Environment Concept The players view is constrained to the house, the front porch of the house, and two windows. This limits the time spent on environment art.

Rough concept for the environment is below,

Below is the final environment. Terrain is in place, but assets are very limited. Environment art was de-scoped to focus on core systems. The right image shows player visibility, which is where environment work would focus.

Breaking up the horizon was not done, but ideally low-poly mountain terrain would be placed in front of the house to break up the view when the player is on the front porch, other views would have a flat horizon and forest boundaries.

Some prototype work was done on an example of level boundaries with ‘dense’ forest. This effect uses tree placement and a fog plane to create the effect.

Using the modular terrain was simple, and allows easy manipulating of terrain with PolyBrush, but asset placement felt a little cumbersome. In the future, invest in a prefab tool which is more fit for use.

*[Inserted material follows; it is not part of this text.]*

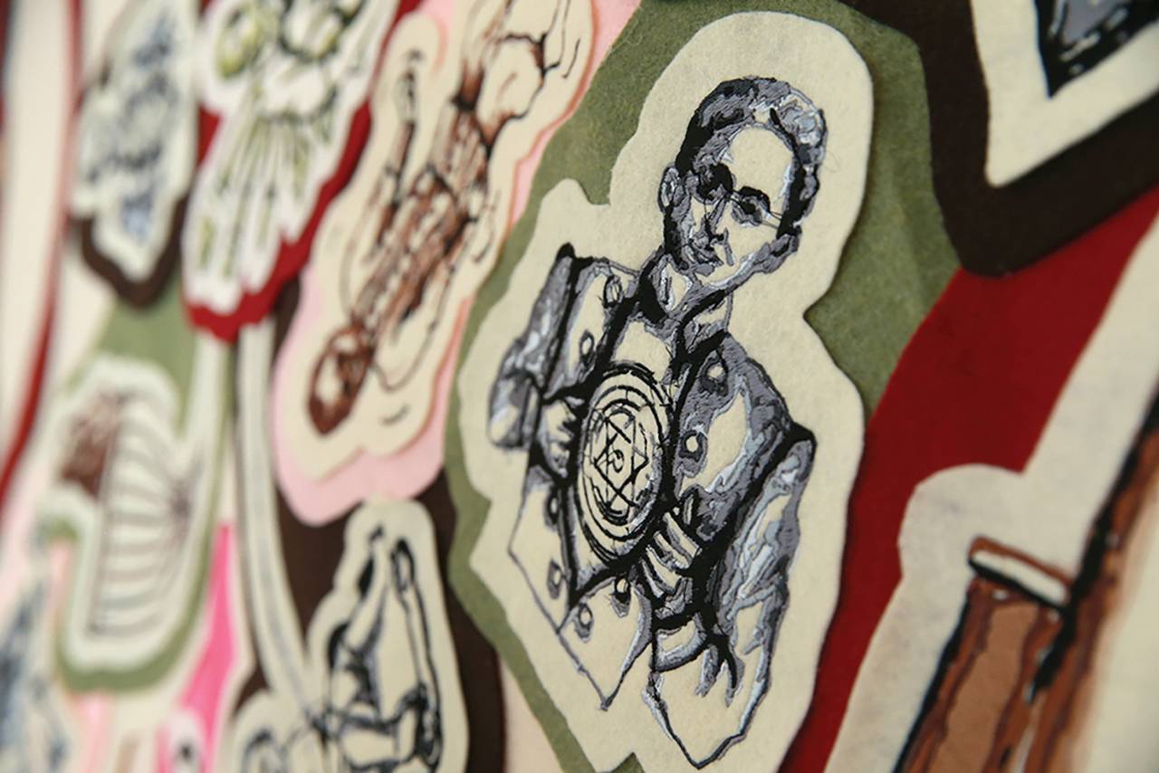 ״הרוקמת והידעונית״ – שטיח קיר ענק המוצג בתערוכת הקבע החדשה שנפתחה לאחרונה במלון יערות הכרמל (אוצר שרון תובל). התערוכה ״הבית של הלינה״ מתמקדת במושג הבית וההשתכנות. השטיח מייצג חלל ביתי ומשפחתי ועל גביו מרחפות דמויות אמיתיות/מיתולוגיות רקומות וצבעוניות, שיוצרות סיפורים ומיתוסים, בדיוק כמו שאני אוהבת. מקור הדמויות באלבומי המשפחה של סבתי, ובין סיפורי הקרובים הרחוקים אני רוקמת בדיות ושכבות של רפרנס.

Kaldera Prefab Painter Lite

Project Management

The first commit was 16/11/23, and the final commit was 04/01/24. There is likely to be one last day of polish.

A Kanban board was maintained up until the last week. Although there were no defined Milestones, there were progress videos at key points in the project.

Progress Video: 14/11/23

Progress Video: 21/11/23

Progress Video: 25/11/23

Progress Video: 05/12/23

Overall

Total time: ~35 days

Assets & Coding: 55% Learning: 20% Bugfix & Issues: 15% Workflows: 10%

Workflow and learning times will decrease next project.

Animation, Audio, VFX

Animation, audio and VFX are very limited due to time constraints.

Elements have been when needed for player indicators, or where we’re looking to meet core design goals,

• ‘Pop’ sound on spawning and detatching objects. This is an indication for the user that an object is now selected.
• Fireplace. Good example of the interaction system adding dynamics (light, sound and animation) to the room.
• Window opening. This animation added as an example of a reward for user interaction, and the view out the window showing off the environment art. De-scoped was birdsong being added to the background when the window was open.
• Walk head-bob and footsteps. Added so the player doesn’t feel like they’re floating around the room in first person mode.

Music and background sound were not added to the prototype. Here is the intention with the music and background,

• LoFi chillout beats for the main menu.
• Limited ambient sound when playing the game initially, but background elements are added as rewards for player interaction. E.g. birdsong when the window opens.
• Unlock a Gramophone where LoFi tracks can be played in the background.

VFX are limited. A candle flame/heat VFX was added using the Unity particle system. This demonstrates a ‘square’ particle style, which ties into the core voxel art style.

Out-Of-Scope Ideas

Cleaning - ‘Simulator’ games, such as Power Wash Simulator and Lawn Mowing Simulator show players enjoy organisation and cleaning tasks. We can add this element to the opening of a level. E.g. clearing cobwebs, dusting, getting rid of broken shelves.

Item Deletion - Throw items into the lit fire to destroy them, or out the front door, or out a window. This fits nicely into our design principals; it’s low complexity as we aren’t adding additional actions for deletion, it ties into exploration as the fire, door and window need to ‘activated’ to allow the action, and it ties the player into the world.

‘Over-time’ Dynamic Events - Candles will melt over time, and the fire will go out eventually. These events are small rewards for players who continue to play. This is similar to the way an idle clicker game rewards players, but progression is never blocked by these events.

Design tweaks following feedback

Problem: Difficult to select objects when they’re on top of a focusable object, as sometimes you jump into focus mode. Solution: When hovering over a focusable object, change the cursor style.

Comments: Built a system for swapping the cursor based on the object being hovered over, e.g. colourable wall, light switch. However, this was scrapped as the cursor was changing all the time in Build mode. In Photo mode, interactable triggers were given a gold colour to indicate they could be clicked.